◆ **DATA BLOCK**:
= Beginning of Section =
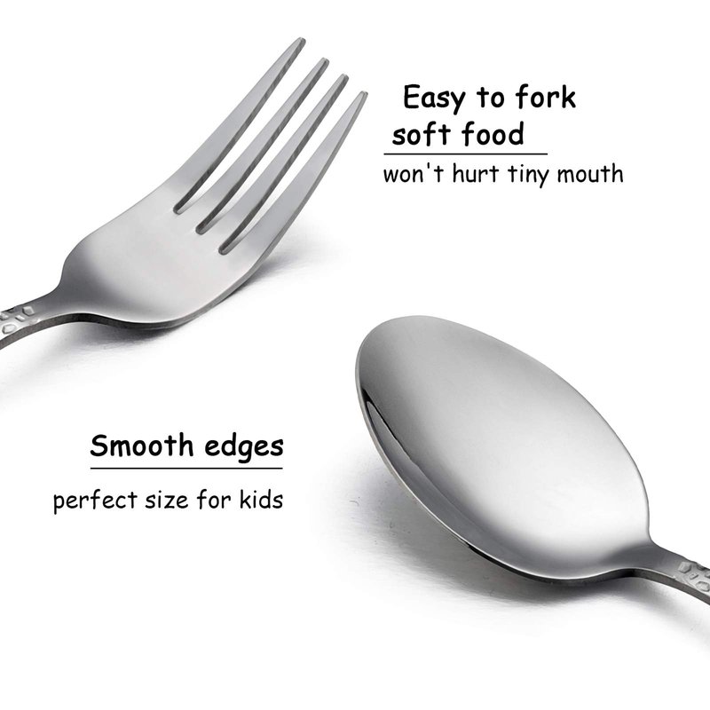 - ✅ PERFECT SIZE (^ᴗ^) - Customized mini size to fit toddler’s hand and mouth, Hammered pattern gives a shiny glow to catch toddlers’ attention, Proper thin fork tines make it easy for kids fork soft food by themselves, suggest for 24 months +
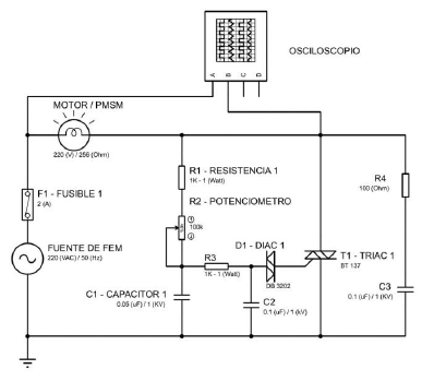 Se debe aclarar que por las características del tipo de diseño del circuito que combina aspectos electrónicos (Diac y Triac) con electromecánicos (motor), se tuvieron problemas con la utilización del software de simulación: Proteus Design Suite 8 CAD. Este software está bien adaptado para la simulación eléctrica y electrónica, pero no para los aspectos electromecánicos en corriente alterna (AC); pues, todos los motores disponibles en el paquete informático son para aplicaciones de corriente continua (DC). Por lo que la carga (load) se simuló con una circuito R (resistivo puro) equivalente a la impedancia de un circuito R-L de un motor síncrono (o sincrónico).
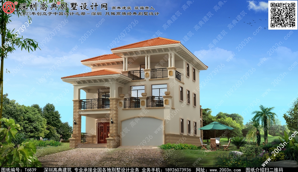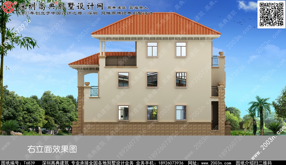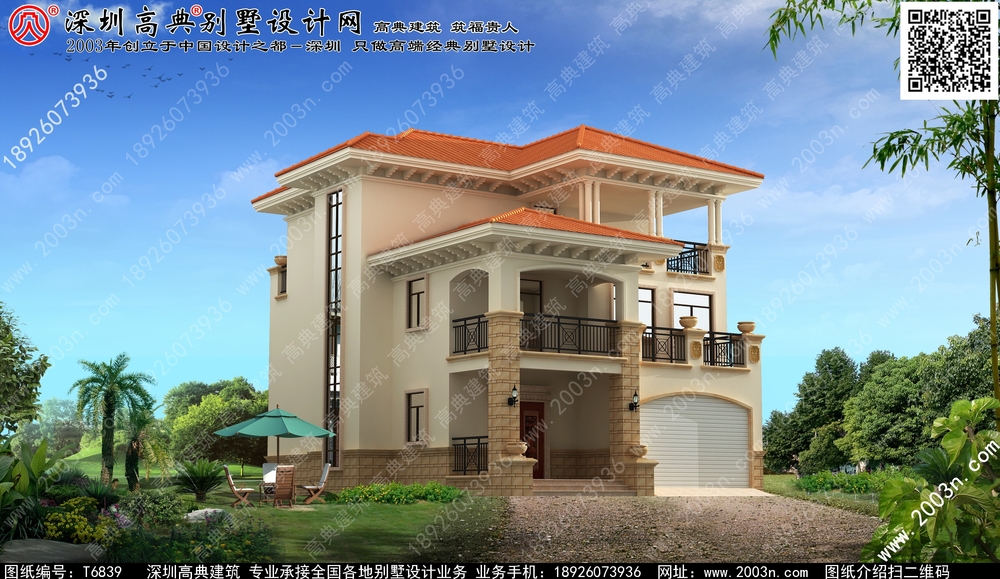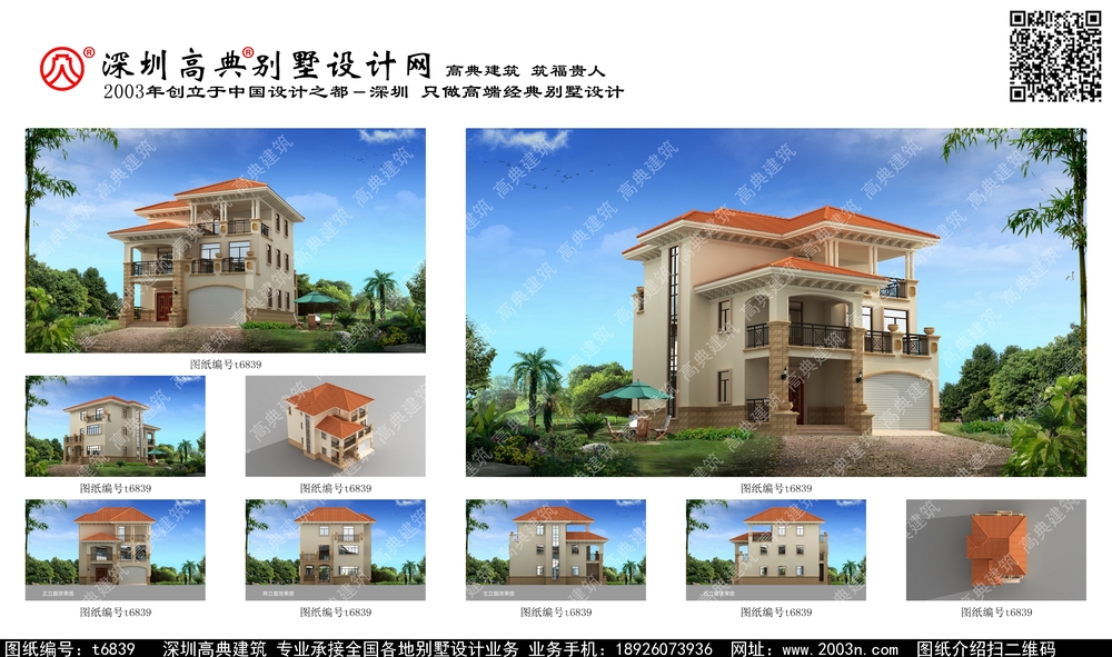 别墅外观效果图大全首层145平方米图纸编号T6839
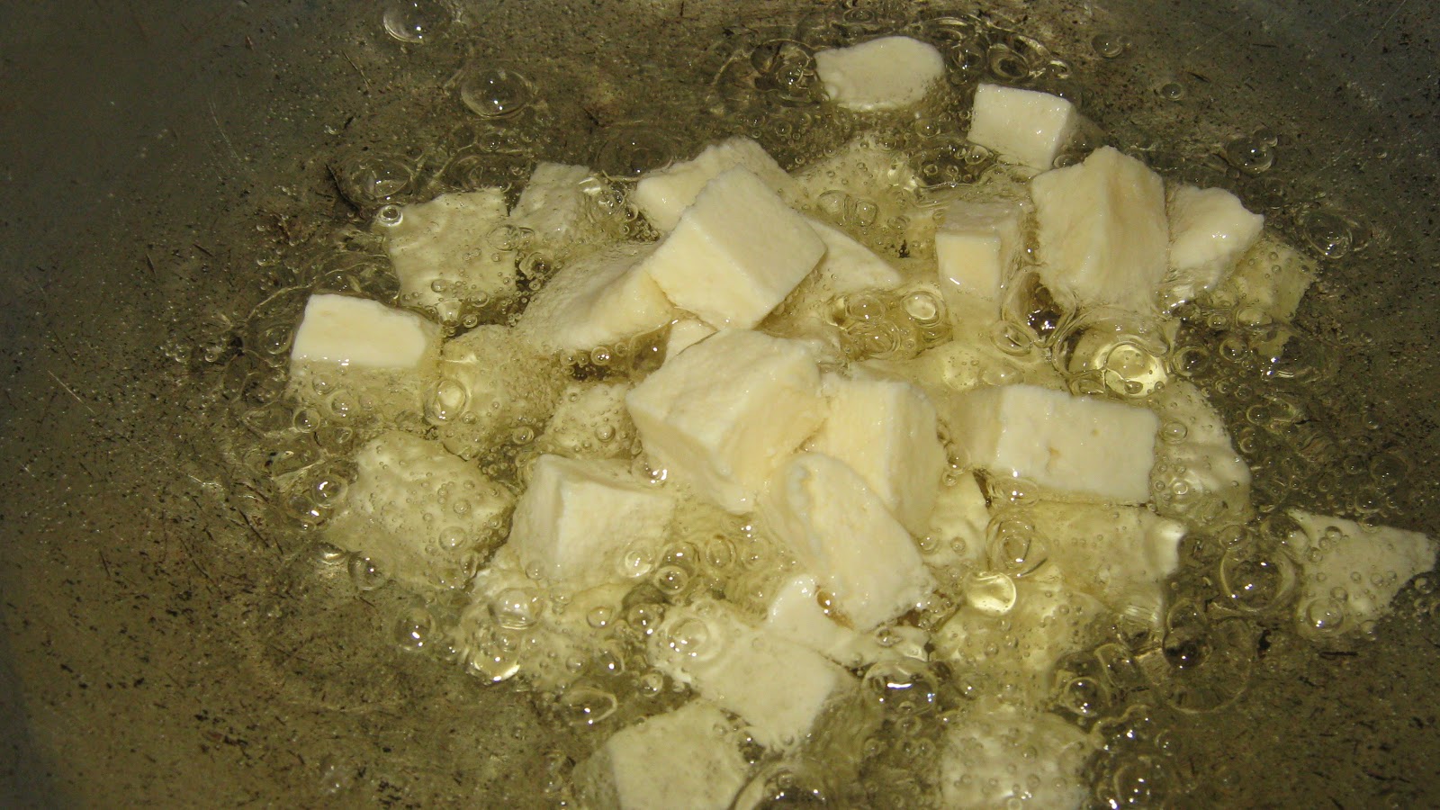 - Deep fry paneer in oil till glden brown. Remove from oil and drop them into water. This keeps paneer cubes soft.
= End of Section =
◆ **TASK GOAL**:
Pictures aside, retype the material exactly.

◆ **EXPECTED ANSWER**:
 - ✅ PERFECT SIZE (^ᴗ^) - Customized mini size to fit toddler’s hand and mouth, Hammered pattern gives a shiny glow to catch toddlers’ attention, Proper thin fork tines make it easy for kids fork soft food by themselves, suggest for 24 months +
 Se debe aclarar que por las características del tipo de diseño del circuito que combina aspectos electrónicos (Diac y Triac) con electromecánicos (motor), se tuvieron problemas con la utilización del software de simulación: Proteus Design Suite 8 CAD. Este software está bien adaptado para la simulación eléctrica y electrónica, pero no para los aspectos electromecánicos en corriente alterna (AC); pues, todos los motores disponibles en el paquete informático son para aplicaciones de corriente continua (DC). Por lo que la carga (load) se simuló con una circuito R (resistivo puro) equivalente a la impedancia de un circuito R-L de un motor síncrono (o sincrónico).
 别墅外观效果图大全首层145平方米图纸编号T6839
 - Deep fry paneer in oil till glden brown. Remove from oil and drop them into water. This keeps paneer cubes soft.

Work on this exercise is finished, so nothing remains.